Page MenuHomePhabricator

[priority] Scraper: count number of sub-references (on dewiki)
Closed, ResolvedPublic

Description

This metric is split out to speed up information gathering ahead of reporting.

Top priority is to add this metric, test it locally, then run on dewiki:

  • total number of sub-references across a wiki

Implementation

Current status

We've finished a dewiki scrape but the results need to be verified. The scraper detected 1,245 pages with subrefs but at the time of updating this task there are 5,023 pages in the category so either the analysis is failing or growth has been abrupt.
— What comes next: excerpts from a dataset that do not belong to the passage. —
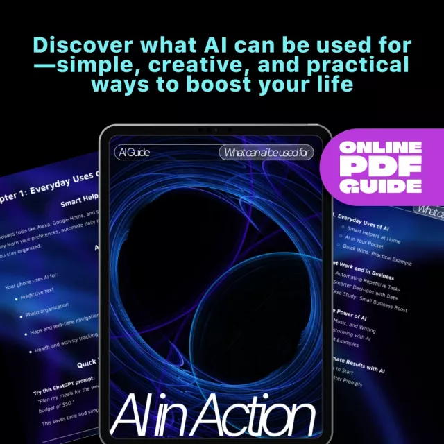 Unlock the potential of artificial intelligence with AI in Action — your step-by-step digital guide to understanding what can AI be used for in real, practical ways. Whether you’re an entrepreneur, creator, or curious learner, this easy-to-follow eBook reveals how AI can simplify daily routines, supercharge productivity, and ignite creativity. From automating tasks to brainstorming new ideas, you’ll learn how to harness the smartest tools available today.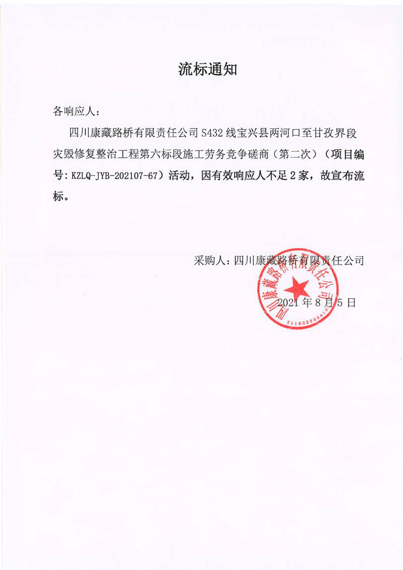 四川康藏路橋有限責(zé)任公司S432線(xiàn)寶興縣兩河口至甘孜界段災(zāi)毀修復(fù)整治工程第六標(biāo)段施工勞務(wù)競(jìng)爭(zhēng)磋商(第二次)流標(biāo)通知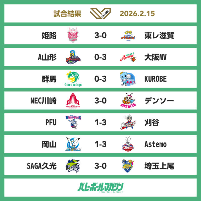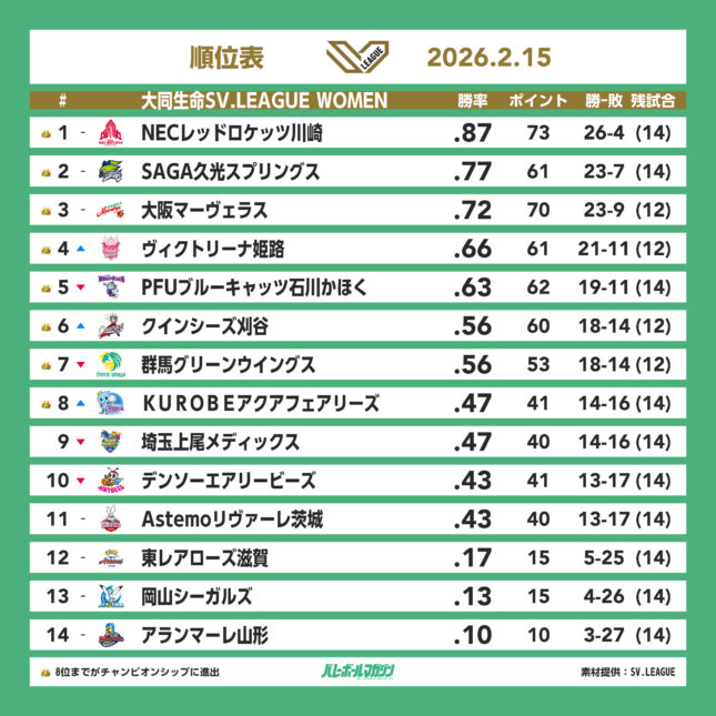 - 首位NEC川崎が佐藤淑乃を欠く中、デンソーにフルセットで競り勝ち、25勝目。SAGA久光と大阪MVは22勝目 SV女子 [SV女子] / 2026.02.15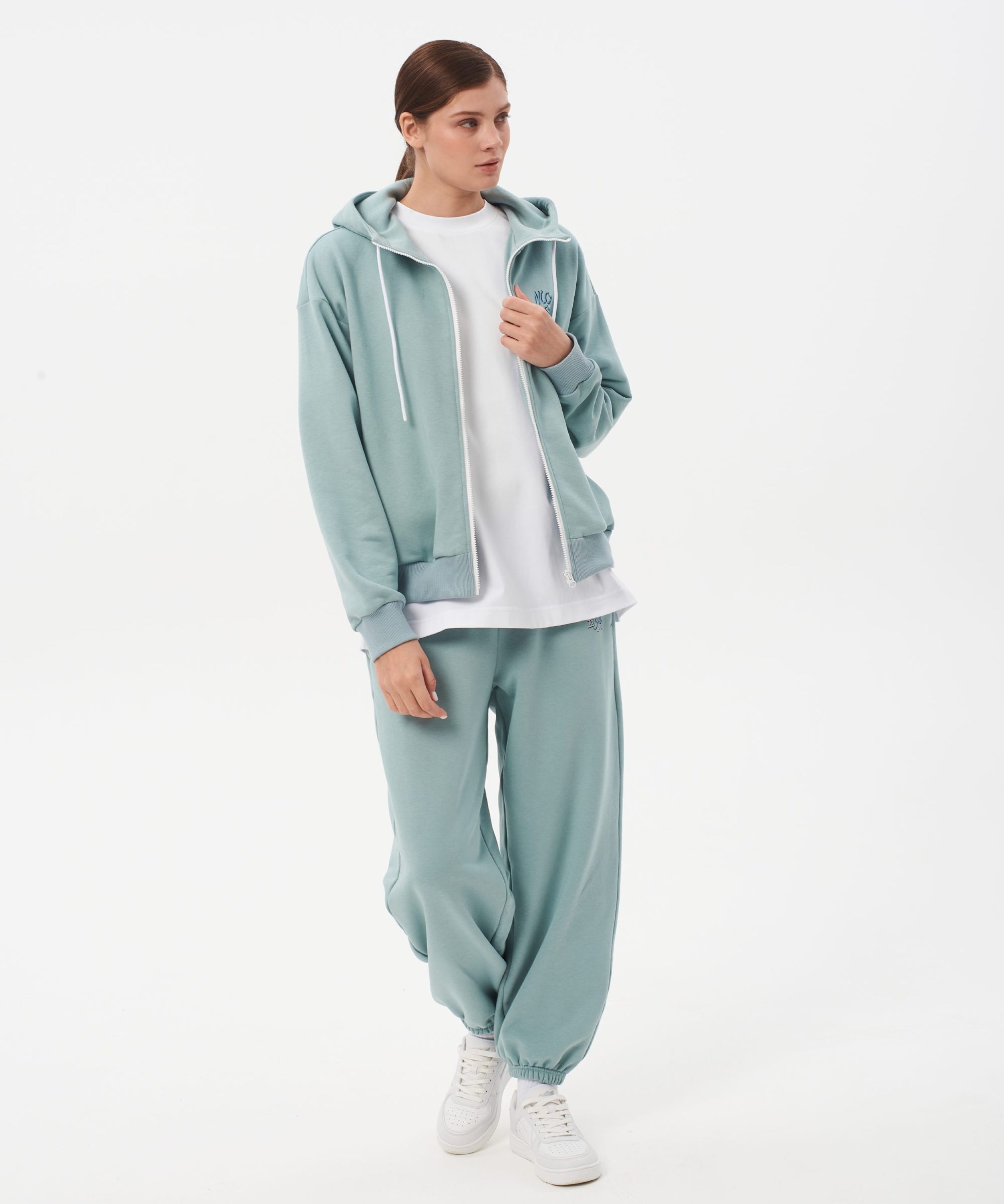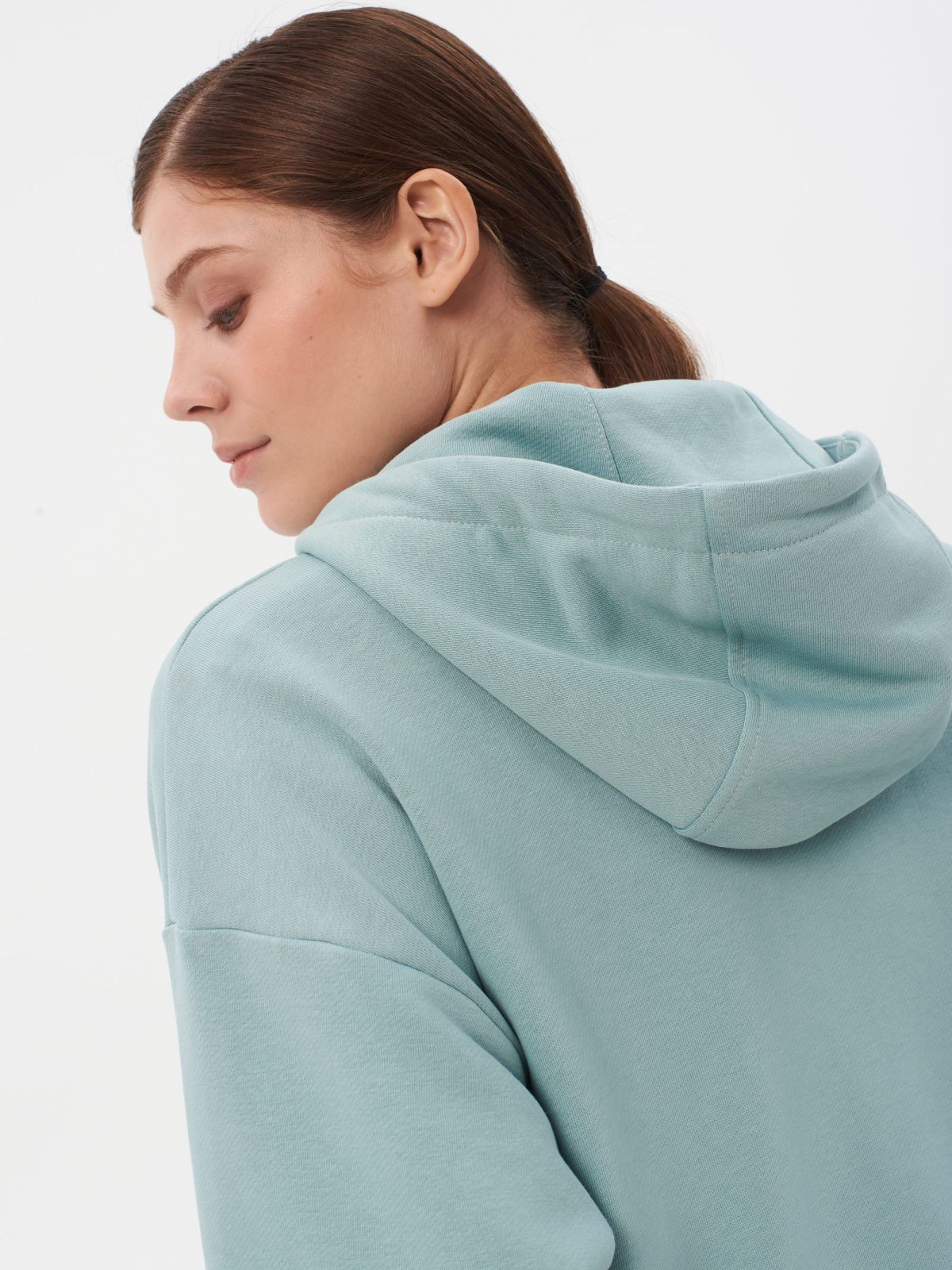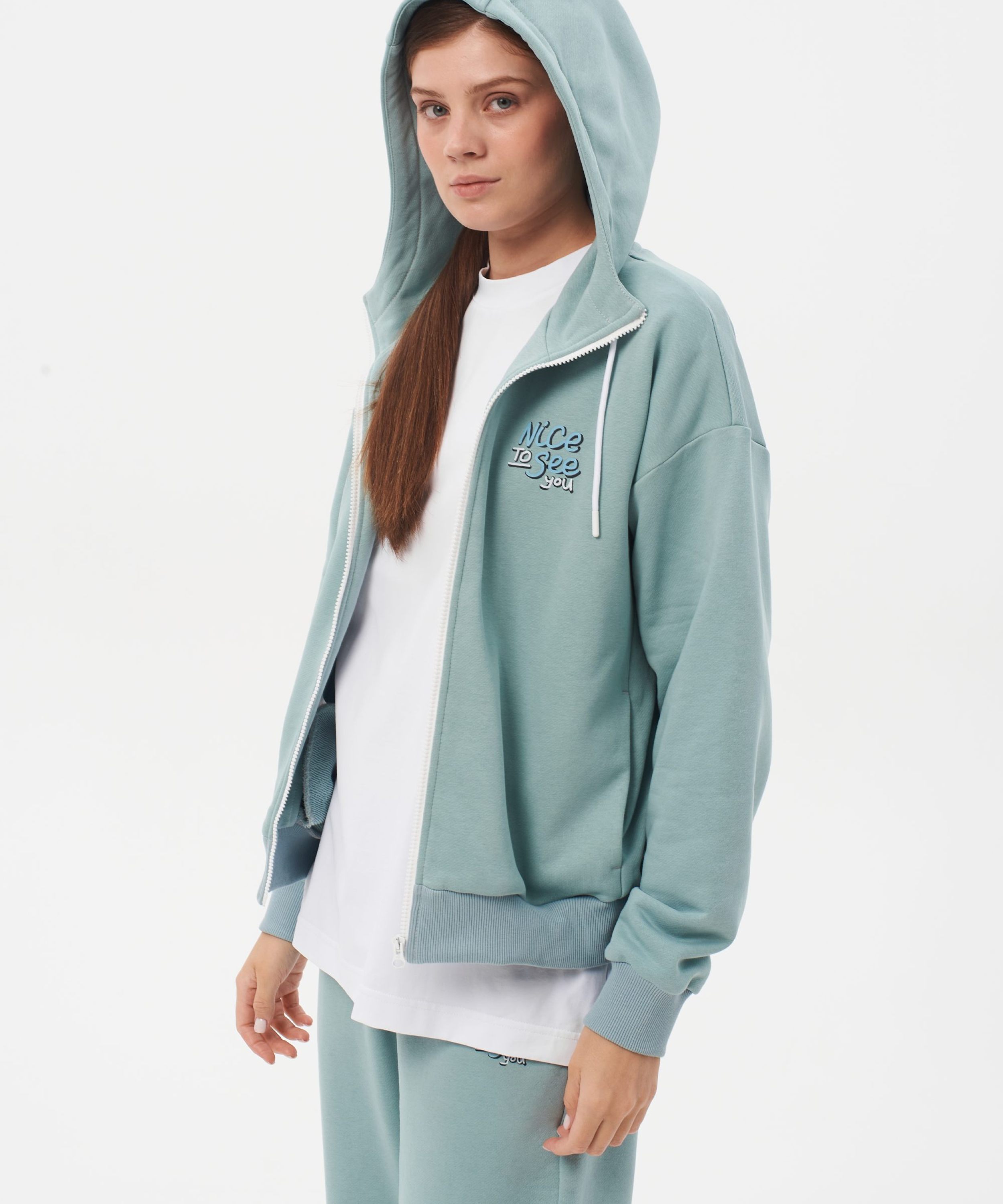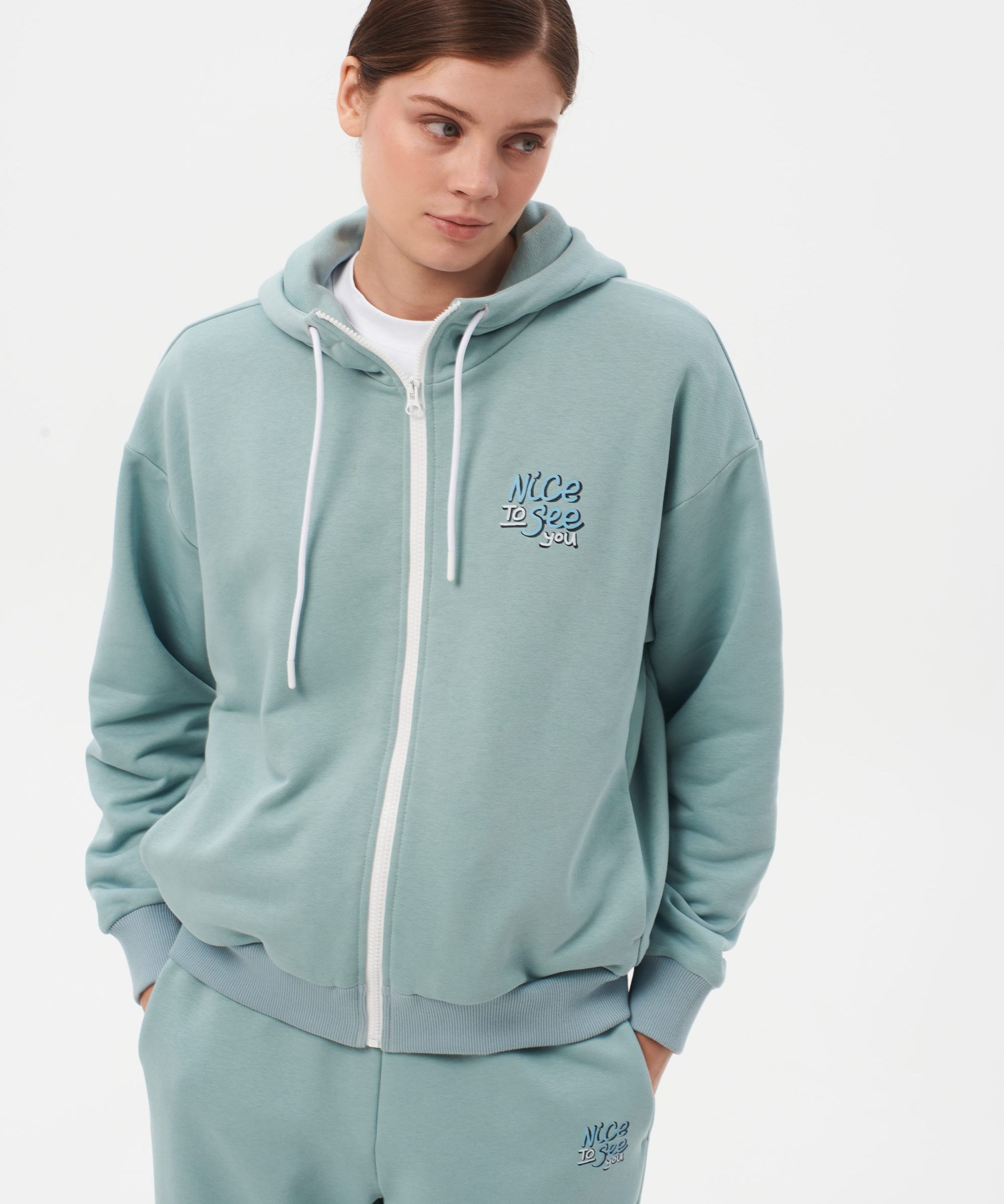 Классическая женская толстовка на молнии. В составе 90% хлопка и 10% полиэстера, что обеспечивает отличную посадку и долговечность изделия. Спущенная линия плеча, свободный крой, высокий воротник на утяжке с капюшоном превращают толстовку в уютный атрибут посведневной одежды. Представлена в сезонных цветах мята и капучино, на груди расположен нежный принт. Модель не сковывает движения и позволяет создавать многослойные образы.

Nov 28 run outputs: https://analytics.wikimedia.org/published/datasets/one-off/html-dump-scraper-refs/2025-11-28/
dewiki details: https://analytics.wikimedia.org/published/datasets/one-off/html-dump-scraper-refs/2025-11-28/dewiki-summary.json
csv: https://analytics.wikimedia.org/published/datasets/one-off/html-dump-scraper-refs/2025-11-28/all-wikis-summary.csv

Number of pages on dewiki with subrefs (pages_with_subrefs_count): 1 245
Number of subrefs on dewiki (subrefs_sum): 14 548

Event Timeline

awight renamed this task from Scraper: count number of sub-references on dewiki to Scraper: count number of sub-references (on dewiki).Nov 19 2025, 2:22 PM
awight renamed this task from Scraper: count number of sub-references (on dewiki) to [prirority] Scraper: count number of sub-references (on dewiki).Nov 23 2025, 5:03 PM
awight triaged this task as High priority.
awight updated the task description. (Show Details)
awight renamed this task from [prirority] Scraper: count number of sub-references (on dewiki) to [priority] Scraper: count number of sub-references (on dewiki).Nov 24 2025, 7:53 AM
WMDE-Fisch changed the task status from Open to In Progress.Nov 26 2025, 7:01 AM

Nothing to review here. The ticket is resolved when the scraper run on dewiki is done see T410251: Run scraper on dewiki, to count number of sub-references

Verifying the snapshot date, I currently see the dewiki snapshot has "date_modified" => "2025-11-21T00:38:19.054220838Z" which is very recent. It would make sense if this was also the snapshot that the scraper ran against (TODO: log the snapshot date at the beginning of each run), but it doesn't explain why the discovered subref article count is so low.

Next step could be to get current subref pages directly from the category (done in T409945: Measure sub-reference additions by individual edit) and read the latest revisions. As a diagnostic, maybe compare the latest revision from the snapshot dump against revisions from the history.